TASK DESCRIPTION: Return only the lines below starting at the line containing "Het materiaal Premium+" and ending at the line containing "TANGY Collection/天意精品夏季新品芦野系列真丝莨绸长马夹", both included, exactly as they are and with no pictures.
═════ SUPPLIED RECORDS
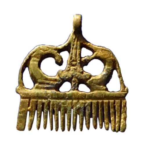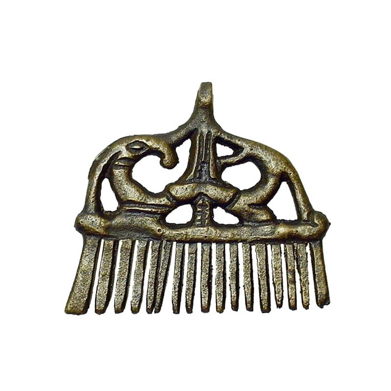 Kam från järnåldern/vikingatiden. Kammen är tillverkad av patinerad mässing och har bredden ca. 60 cm.
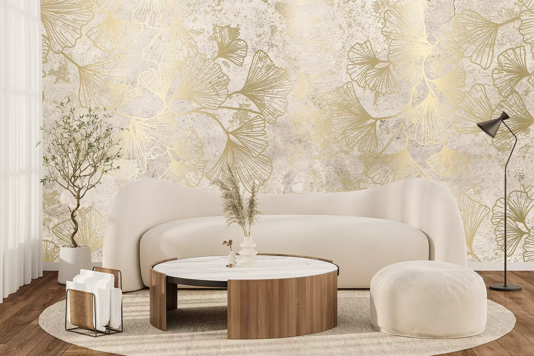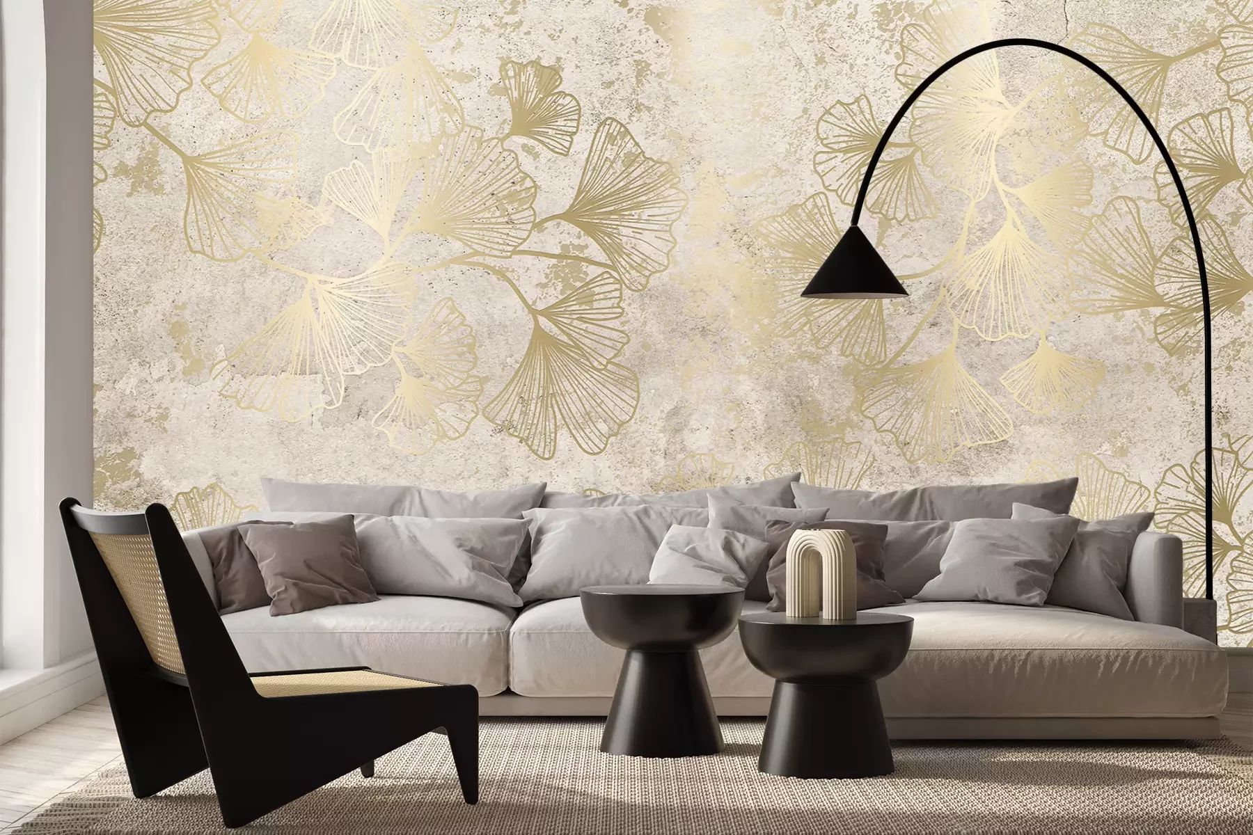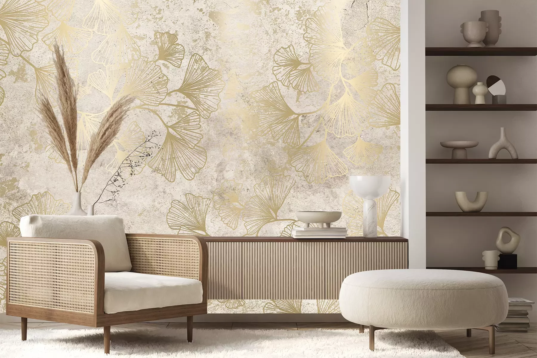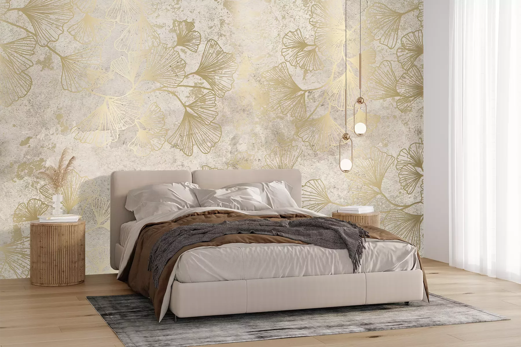 Het materiaal Premium+ is een gestructureerd vinyl op vlies met een gewicht van 255 g/m², dat kleine oneffenheden in de muur effectief camoufleert. De subtiele structuur van fijn zand geeft het oppervlak een exclusieve uitstraling, terwijl de halfmatte afwerking de diepte van de kleuren benadrukt. Het materiaal is dampdoorlatend, waardoor het ook in de keuken en badkamer kan worden gebruikt. De maximale breedte van één baan bedraagt 100 cm – bij grotere afmetingen wordt het fotobehang in meerdere gelijke banen verdeeld. De lijm wordt direct op de muur aangebracht en het behang wordt rand-aan-rand geplakt, wat zorgt voor een esthetisch resultaat zonder zichtbare naden. Het oppervlak kan gemakkelijk worden schoongemaakt door het voorzichtig af te nemen met een vochtige doek.
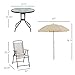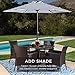 Adjustable Table Umbrella: With the included umbrella mounted securely to the table, outdoor dining doesn't have to include sunburns. Use the hand crack on the center pole and say goodbye to glare. Note: Please provide an umbrella weight/stand.
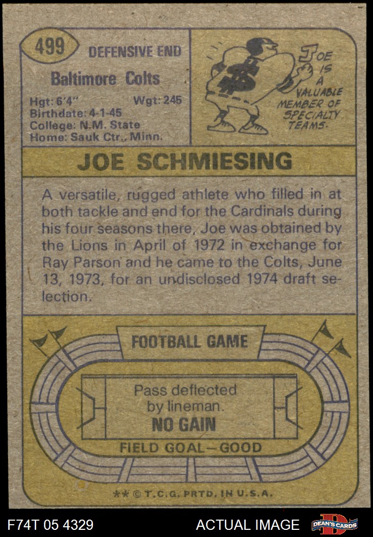 1974 Topps #499 Joe Schmiesing 4 - VG/EX
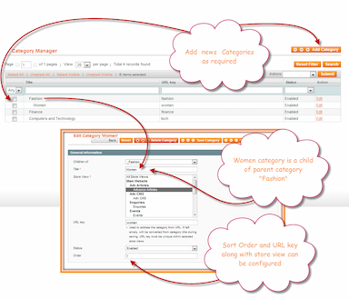 - Criação ilimitada de categorias de notícias com relação pai-filho. A ordenação de categorias é suportada.
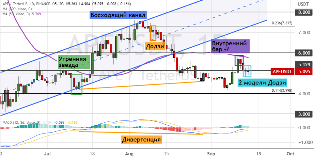 При этом сигналом о восстановлении бычьей динамики станет рост котировок APE выше уровней $6.5 и $7.3. В таком случае быки будут готовы протестировать первые цели — $8, где также проходит верхняя граница модели теханализа «Восходящий канал» (обозначена синим цветом), и $9.2. В перспективе закрытие дневных свечей выше этих уровней приведет к развитию среднесрочного восходящего тренда. Он позволит котировкам токена направиться к уровням $10 и $11.3. В пользу реализации такого прогноза указывает возможное формирование двух моделей «Додзи» (обозначены бирюзовыми линиями) и сохранение актуальности сигналов теханализа в виде модели «Утренняя звезда» и бычьей дивергенции между ценой на графике и осцилляторе MACD.
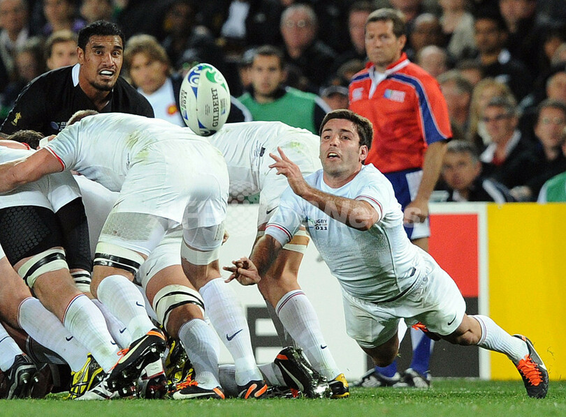 パスを出すフランスのディミトリ・ヤシュヴィリ(Dimitri Yachvili、2011年10月23日撮影)。(c)AFP/GABRIEL BOUYS
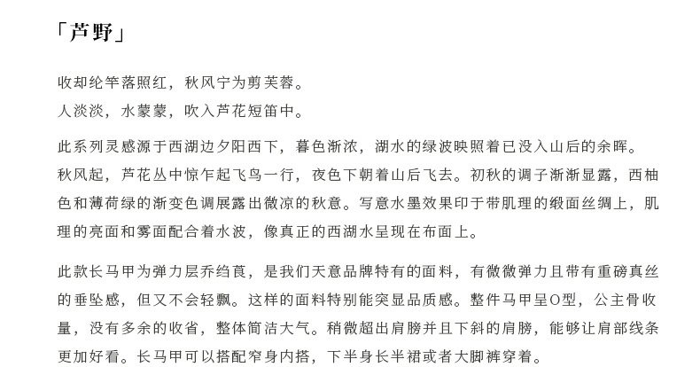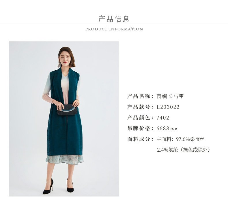 TANGY Collection/天意精品夏季新品芦野系列真丝莨绸长马夹
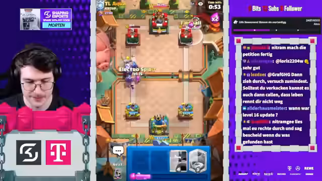 00:30:35Im weiteren Verlauf wurde über die Spielmeta diskutiert, insbesondere über den Rocket Cycle, den der Streamer als sehr stark ansieht. Er analysierte mögliche Kombinationen wie Ritter mit LG und die Rolle des Royal Giants. Dabei wurde kritisiert, dass es schwierig ist, gegen Decks zu bestehen, wenn ein Spieler nur wenige Karten einsetzt und der Rest nicht ausgereift ist. Der Streamer zweifelte an der Glaubwürdigkeit der Leaks und befürchtete einen Einbruch seiner Leistung.
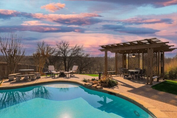 Fenced In Backyard Located by the creek huge Pool Area with Outdoor kitchen, Lounge Chairs, dining area With a Mini Seating Area Around a Fire Pit.
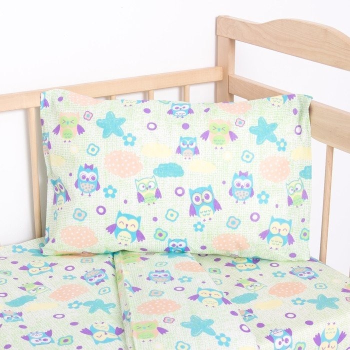 Постельное бельё Galtex «Совушки» фисташка, 147×112, 100×150, 40х60см -1 шт
══════════
REPLY:
 Het materiaal Premium+ is een gestructureerd vinyl op vlies met een gewicht van 255 g/m², dat kleine oneffenheden in de muur effectief camoufleert. De subtiele structuur van fijn zand geeft het oppervlak een exclusieve uitstraling, terwijl de halfmatte afwerking de diepte van de kleuren benadrukt. Het materiaal is dampdoorlatend, waardoor het ook in de keuken en badkamer kan worden gebruikt. De maximale breedte van één baan bedraagt 100 cm – bij grotere afmetingen wordt het fotobehang in meerdere gelijke banen verdeeld. De lijm wordt direct op de muur aangebracht en het behang wordt rand-aan-rand geplakt, wat zorgt voor een esthetisch resultaat zonder zichtbare naden. Het oppervlak kan gemakkelijk worden schoongemaakt door het voorzichtig af te nemen met een vochtige doek.
 Adjustable Table Umbrella: With the included umbrella mounted securely to the table, outdoor dining doesn't have to include sunburns. Use the hand crack on the center pole and say goodbye to glare. Note: Please provide an umbrella weight/stand.
 1974 Topps #499 Joe Schmiesing 4 - VG/EX
 - Criação ilimitada de categorias de notícias com relação pai-filho. A ordenação de categorias é suportada.
 При этом сигналом о восстановлении бычьей динамики станет рост котировок APE выше уровней $6.5 и $7.3. В таком случае быки будут готовы протестировать первые цели — $8, где также проходит верхняя граница модели теханализа «Восходящий канал» (обозначена синим цветом), и $9.2. В перспективе закрытие дневных свечей выше этих уровней приведет к развитию среднесрочного восходящего тренда. Он позволит котировкам токена направиться к уровням $10 и $11.3. В пользу реализации такого прогноза указывает возможное формирование двух моделей «Додзи» (обозначены бирюзовыми линиями) и сохранение актуальности сигналов теханализа в виде модели «Утренняя звезда» и бычьей дивергенции между ценой на графике и осцилляторе MACD.
 パスを出すフランスのディミトリ・ヤシュヴィリ(Dimitri Yachvili、2011年10月23日撮影)。(c)AFP/GABRIEL BOUYS
 TANGY Collection/天意精品夏季新品芦野系列真丝莨绸长马夹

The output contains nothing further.